I have a QP problem in my reinforcement learning system, which calculates the safe action with the minimium distance between original action. This is the background.
Here is part of my code :
P = np.matrix([[1.,0.,0.,0.],[0.,1.,0.,0.],[0.,0.,1.,0.],[0.,0.,0.,1.]])
q = np.array(-u0).flatten() #
G = gx
h = np.array(c - fx).flatten()
lower_bound = np.array([0., -140., -200 * self.Pgs_M, 0.])
upper_bound = np.array([143., 140., 200 * self.Pgs_M, 0.])
safe_action = solve_qp(P,q,G,h,lb=lower_bound, ub=upper_bound)
The u0 is a matrix with the shape of [4,1], and my formulation is correct, G and h can be calculated through u0, self.Pgs_M is a constant number. Meanswhile, I considered the condition that solve_qp returns None.

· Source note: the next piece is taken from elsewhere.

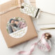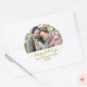 Elegante Script Moderno Dourado e Branco "Feriados Felizes", Caligrafia, Script de Casal Foto Natal, grande palheta redonda. Excelente para acessórios de correspondência Envelope selos e adesivos para presentes.

When my reinforcement learning training working, it might get stuck. I print the control input and initial state before my programm get stuck. It shows that:
===============debug================
u0 = [[ 38.28203142]
[-140. ]
[-144.34985435]
[ 0. ]]
ini_spd = [[ 0. ]
[ 0. ]
[-203.67992371]
[ 203.67992371]
[ 0. ]
[ -0. ]]
So I use these input to check my QP problem solving programm, it actually worked, and returned None, because this problem cannot be solved.
===============debug================
u0 = [[ 38.28203142]
[-140. ]
[-144.34985435]
[ 0. ]]
ini_spd = [[ 0.00000000e+00]
[ 0.00000000e+00]
[-2.03679924e+10]
[ 2.03679924e+10]
[ 0.00000000e+00]
[-0.00000000e+00]]
safe_aciton = None
I was wondering why my programm might get stuck, even if I have already considered the None return. What factor will influence the qpslovers and python programm.